Аскари выпрямился. Подоспели еще люди торговца и с открытыми от удивления ртами окружили их кольцом. Сухим, резким голосом он проговорил:
— Пока я в силах стоять, я также в силах идти.
Затем Хатако безмолвно взял из рук одного из носильщиков бамбуковую палку и двух живых кур, привязал их к тюку, положил его на голову и затянул песню носильщиков. Палкой он выбивал такт. Его лицо сразу приняло безобидное и простоватое выражение.
Носильщики широко осклабились от удивления при виде этого мгновенного превращения. Араб, тихо посмеиваясь, поглядывал на своего любимца.

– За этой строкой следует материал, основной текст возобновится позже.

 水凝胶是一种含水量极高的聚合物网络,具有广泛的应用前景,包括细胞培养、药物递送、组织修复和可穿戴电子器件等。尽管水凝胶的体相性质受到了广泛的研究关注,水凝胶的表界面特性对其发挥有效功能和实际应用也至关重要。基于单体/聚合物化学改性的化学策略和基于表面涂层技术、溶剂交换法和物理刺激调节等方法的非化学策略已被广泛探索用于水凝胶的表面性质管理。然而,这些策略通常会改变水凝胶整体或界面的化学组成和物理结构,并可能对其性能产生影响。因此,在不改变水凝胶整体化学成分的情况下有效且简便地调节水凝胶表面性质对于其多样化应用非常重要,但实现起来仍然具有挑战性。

Они остановились на берегу ручья, который, с шумом низвергаясь со скал, протекал по узкой, прохладной лесной долине. Торговец достал из желтого жестяного ларца полотно и мазь; это был тот самый ларец, который когда-то носил Хатако. Он промыл рану, смазал ее мазью и приклеил повязку при помощи смолы. При этом он рассказал, что утром, когда доставлены были выменянные ружья, он покинул стоянку Мели и теперь направляется в свой лагерь.
— Где твой лагерь? — спросил Хатако.
Торговец указал на север.
— Там, на равнине, у реки Химы.
— На равнине? Это хорошо! Позволь мне проводить твой караван до подножия горы, отец! Взоры воинов Мели направлены на вершину горы. Они выслеживают аскари, который должен спуститься с гор. Они не обратят внимания на шенци (бушмена), который с ношей идет из долины в горы. Как ты думаешь, отец?

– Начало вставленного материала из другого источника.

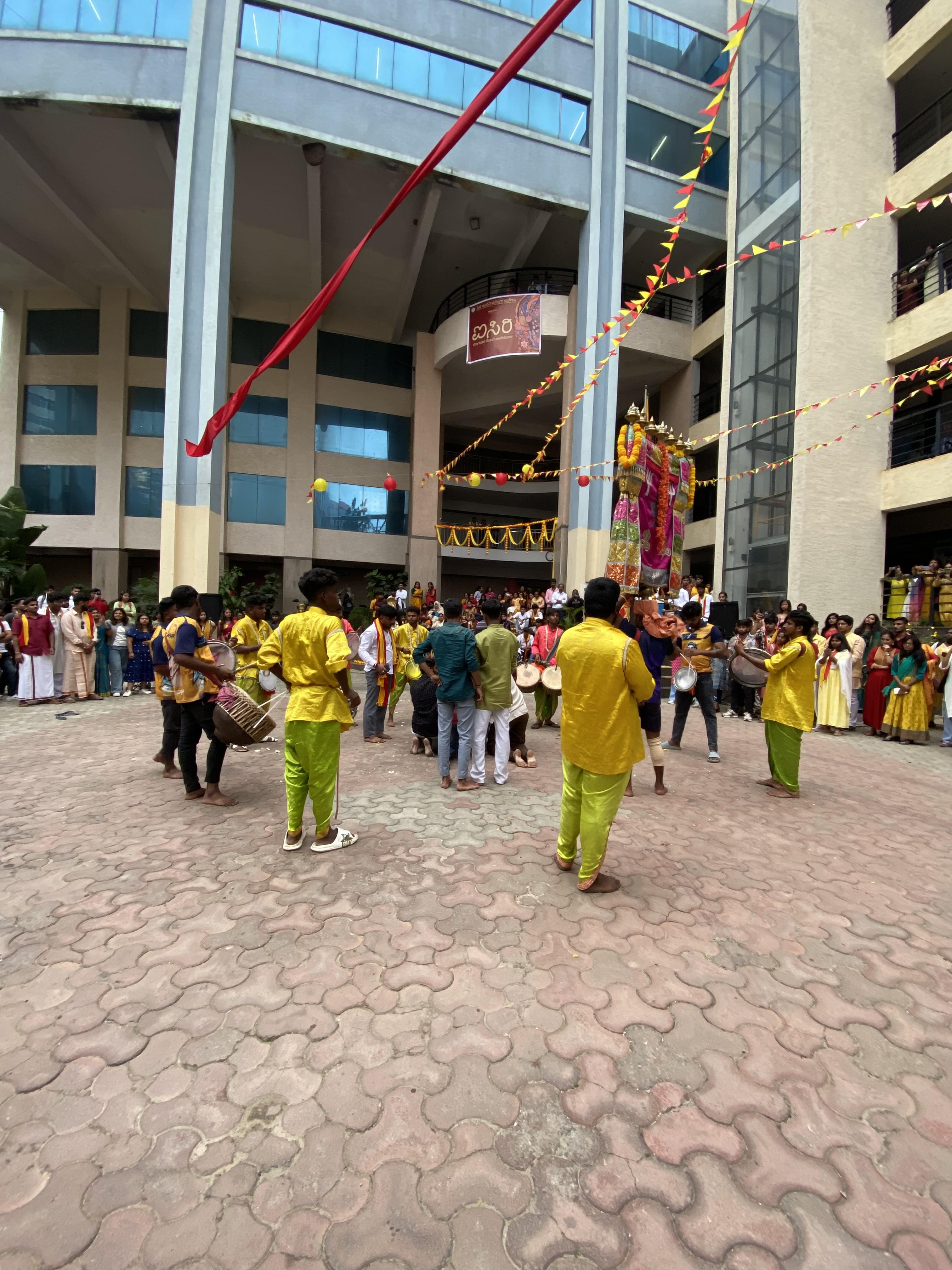 The campus is small but contains all the amenities needed like Canteen , Stationery and Xerox shop , Library, Labs ( All Subs which require labs ) , Parking space , Playground, Feild , Volleyball Court , Indore games room ( Table Tenis , Carrom , Chess etc . Many events are also conducted on special occasions like Kannada Rajyostava , Garba , Diwali , Independence Day etc . They are many activity clubs like Cultural Club , Dance club , etc who organize many events They are also some external events like Hackathon , Marathon, Cyclothon etc The students are also friendly and they do socialize a lot

Хатако говорил глухо и с усилием. Он так тяжело оперся на бамбуковую палку, что она совсем согнулась. По его голым ногам пробежала судорога, он медленно опустился на землю и прислонился спиной к дереву. Крупные капли пота выступили на его лице.

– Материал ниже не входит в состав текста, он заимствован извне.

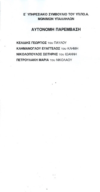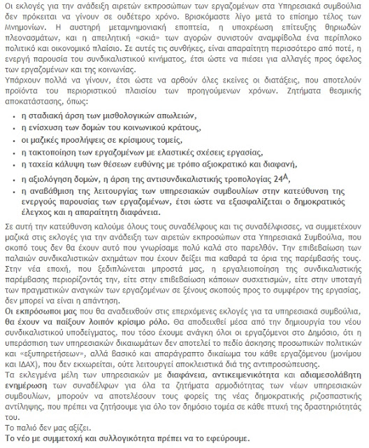 Στις εκλογές για την ανάδειξη των αιρετών εκπροσώπων των εργαζομένων του ΥΠΠΟΑ στηρίζουμε τα ενωτικά ψηφοδέλτια και τα ριζοσπαστικά ψηφοδέλτια της Αυτόνομης Παρέμβασης, γιατί τα Υπηρεσιακά Συμβούλια, όπως και τα Πειθαρχικά, θα πρέπει να είναι πεδία καθημερινής μάχης απέναντι στις αυθαιρεσίες της εκάστοτε Διοίκησης των Υπουργείων.

Выражение испуга пробежало по худому лицу араба. Он крикнул что-то старшему носильщику и поспешно достал из соломенной корзины пригоршню фиников.
— Возьми и ешь, пока не поспела еда! — сказал он, садясь рядом с Хатако. — Ты хорошо и умно придумал, но тогда тебе предстоит длинный путь. Прежде всего ты должен поесть и выспаться. Когда ты раздевался, я даже испугался: ты исхудал, как загнанная кляча! Поешь фиников, Хатако!
Слипающиеся от мучительной усталости глаза аскари открылись и глянули на араба. В них блеснул теплый луч нежности, редко согревавший его дикое одинокое сердце. Легким торопливым движением он погладил руку старика. Он медленно поднес ко рту первый финик, затем он стал все поспешнее хватать их и глотать, не разжевывая. Потом он поудобнее протянул ноги, онемевшие от усталости и как бы не связанные с телом, и закрыл глаза. Спать, да, спать, погрузиться в сон, как на дно глубокого озера, проспать целый день и всю ночь напролет, всю прохладную тихую ночь при свете звезд и луны…
Нет! Не надо луны! Новолуние!
Он резко вскинул голову, в его расширенных глазах появилось выражение ужаса, пальцы судорожно сжали руку араба.
— Я должен немного поспать, но обещай мне одно, друг и отец: разбуди меня, как только будет готова еда! Через час, да? Сегодня вечером я должен быть в крепости Моши! Ты мне обещаешь?
Торговец приложил руку к груди и склонил голову.
— Да, я обещаю тебе, спи спокойно. Я знаю, зачем тебе нужно быть в крепости до наступления ночи…
Хатако не дослушал последних слов. Он погрузился в глубокий мертвый сон.
Старик долго и безмолвно смотрел на него. Затем он подсунул ему под голову край ковра и встал. Он велел носильщикам не шуметь и не подходить к спящему. Повар, раздувавший огонь, получил приказ положить в еду масло и зажарить козью печена, которую преподнес ему на прощание Мели.
Когда все было готово, араб сам отнес Хатако еду. Одинокий луч солнца, пробравшийся через непроницаемую листву деревьев, озарил мерно вздымавшуюся грудь спящего; над его головой неутомимо и весело кружилась большая голубая бабочка. Лоб был изборожден глубокими морщинами; руки сжаты в кулаки, как будто они хотели удержать и захватить с собой в царство сна некую неотступную мысль.